Blake Stillings, Lucas Walker, Cody Miner and Alyssa Dunbar have more in common than most 16-year-old Grade 11 students. All four have had their academic, athletic, personal and physical lives devastated by post-concussion syndrome.
WEB-Concussion
Cody Miner

Blake Stillings, Lucas Walker, Cody Miner and Alyssa Dunbar have more in common than most 16-year-old Grade 11 students. All four have had their academic, athletic, personal and physical lives devastated by post-concussion syndrome.

For most adults, concussions can be very traumatic. But for teenagers, because their brains are still developing, the level of trauma can be much more complex and severe.

“The adolescent brain is much more susceptible than the adult brain,” said Red Deer College psychology instructor and concussion researcher Dr. Elena Antoniadis at a recent Red Deer College workshop on concussions. “Sometimes you may have a swelling or contusion of the brain tissue, and sometimes just the mere acceleration is sufficient enough to damage or compromise the connections between the brain cells. This is especially vulnerable in youth where the axon has myelin that protects the axon and that is still developing.”

Axons are the communication centre for neurons, and when blows to the head damage the axons and the myelin sheath that protects them, this and brain contusions can lead to a large array of symptoms. These post-concussion symptoms can include headaches, migraines, pressure in the head, nausea, balance problems, dizziness, fatigue, insomnia, hypersomnia, blurry or double vision, sensitivity to light and noise, numbness or tingling, difficulty thinking and concentrating, brain fog, anger, depression, irritability, panic attacks and anxiety.
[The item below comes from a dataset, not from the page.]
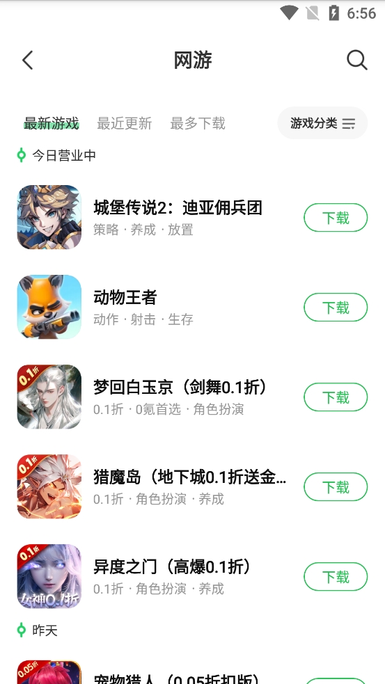 4、在网游栏目中将会看到如今最新上线、最近更改新和最多下载的游戏,快速查看最近有哪些网游;

The medical community no longer refers to these impacts as concussions, preferring to call them mild traumatic brain injuries or MTBI. Each MTBI is unique, and even though there are some commonalities, there are just as many differences in each case.

Alyssa Dunbar

Dunbar received her concussion as result of a car accident. She and her mother and brother were eastbound on Hwy 42 in late October when a truck pulling a trailer ran a stop sign and collided with their vehicle. Along with the MTBI, Dunbar suffered a lacerated liver, internal bruising and nerve damage to her foot. One of the passengers in the truck died from the collision.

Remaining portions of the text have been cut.